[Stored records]
= Beginning of Section =

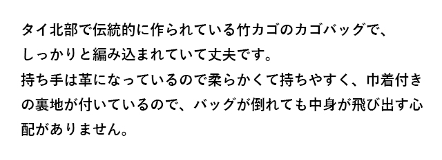 タイ北部で伝統的に作られている竹カゴのカゴバッグで、しっかりと編み込まれていて丈夫です。
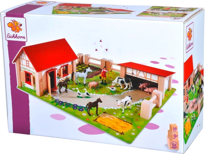 La fattoria in legno EICHHORN entusiasmerà ogni piccolo contadino. Il set comprende una casetta con tetto rosso, stalla, recinti e dettagliate figurine di animali, tra cui cavallini, mucchette, maialini e oche. È incluso anche un tappetino colorato con strade e orto, che guida facilmente i bambini nella creazione di scene e storie personali. La solida struttura in legno e i materiali resistenti garantiscono lunga durata e gioco sicuro.
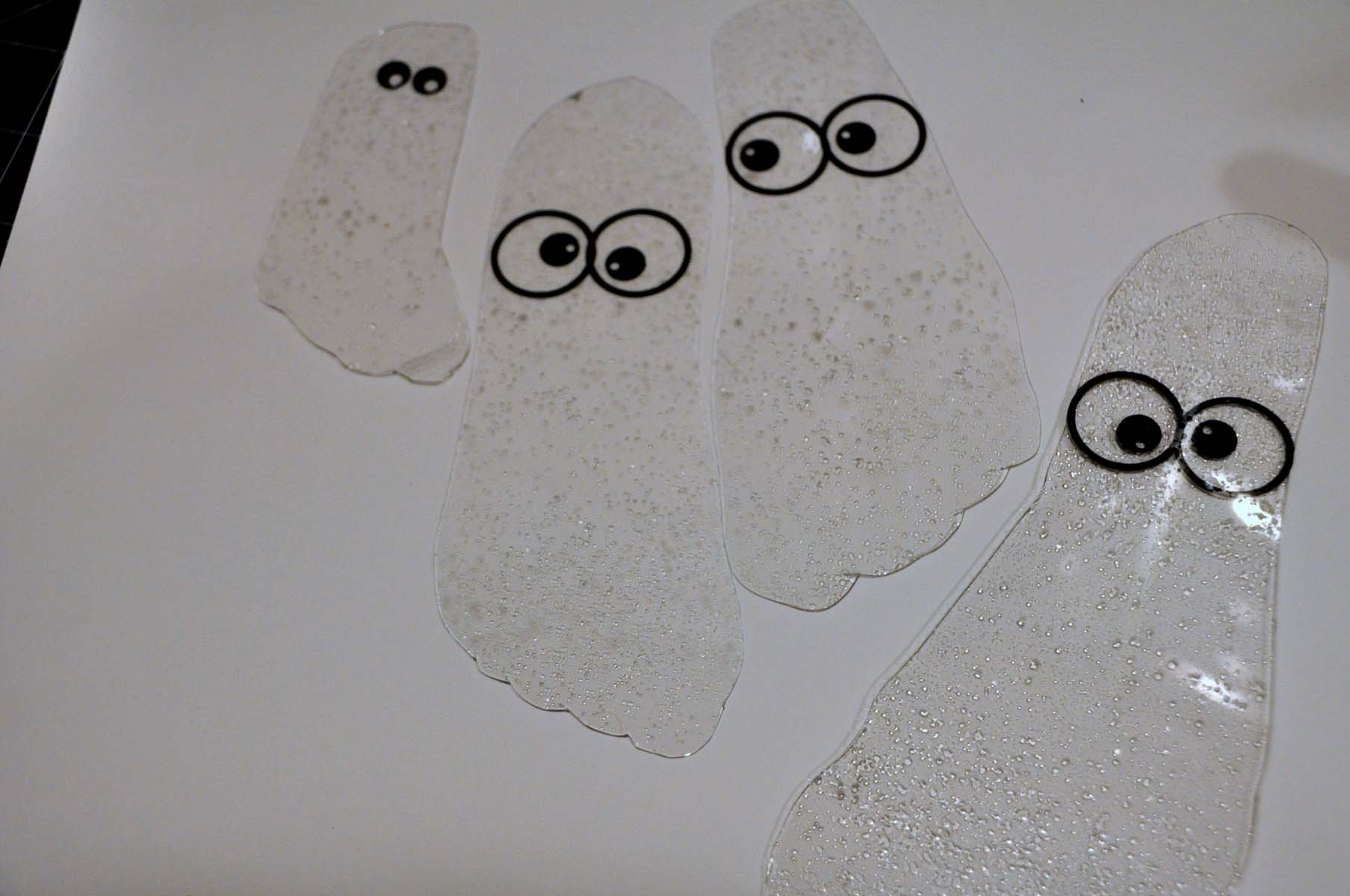 From there, it was simply a matter of embellishing the "ghosts". Some eyes cut with my Cricut from vinyl and some irRESISTible spray to give them some extra depth.
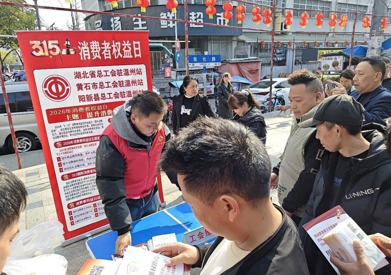 为纪念第44个“国际消费者权益日”,深入贯彻“守护安全 畅通消费”年主题精神,提升广大职工群众依法维权意识,湖北省总工会驻温州维权站、黄石市总工会驻温州职工维权服务站、阳新县总工会驻温州维权站于3月15日前后,组织开展了形式多样的“3·15”国际消费者权益日法律宣传系列活动。
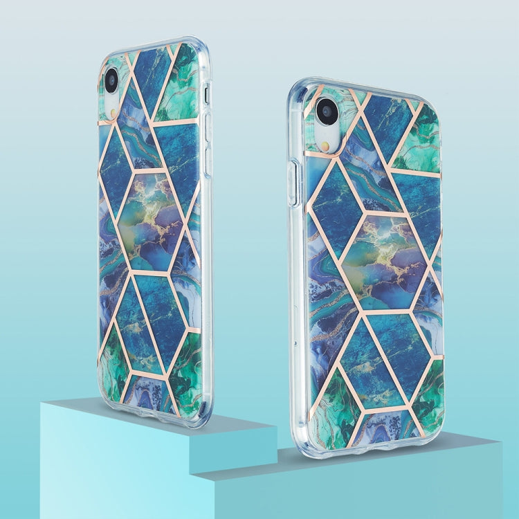 Funda Protectora TPU para iPhone Xr 3D Galvanoplastia Patrón de Mármol (Verde Oscuro)

= End of Section =

The problem -> Return the lines above exactly; the images are not part of the copy.

Exercise response ->
 タイ北部で伝統的に作られている竹カゴのカゴバッグで、しっかりと編み込まれていて丈夫です。
 La fattoria in legno EICHHORN entusiasmerà ogni piccolo contadino. Il set comprende una casetta con tetto rosso, stalla, recinti e dettagliate figurine di animali, tra cui cavallini, mucchette, maialini e oche. È incluso anche un tappetino colorato con strade e orto, che guida facilmente i bambini nella creazione di scene e storie personali. La solida struttura in legno e i materiali resistenti garantiscono lunga durata e gioco sicuro.
 From there, it was simply a matter of embellishing the "ghosts". Some eyes cut with my Cricut from vinyl and some irRESISTible spray to give them some extra depth.
 为纪念第44个“国际消费者权益日”,深入贯彻“守护安全 畅通消费”年主题精神,提升广大职工群众依法维权意识,湖北省总工会驻温州维权站、黄石市总工会驻温州职工维权服务站、阳新县总工会驻温州维权站于3月15日前后,组织开展了形式多样的“3·15”国际消费者权益日法律宣传系列活动。
 Funda Protectora TPU para iPhone Xr 3D Galvanoplastia Patrón de Mármol (Verde Oscuro)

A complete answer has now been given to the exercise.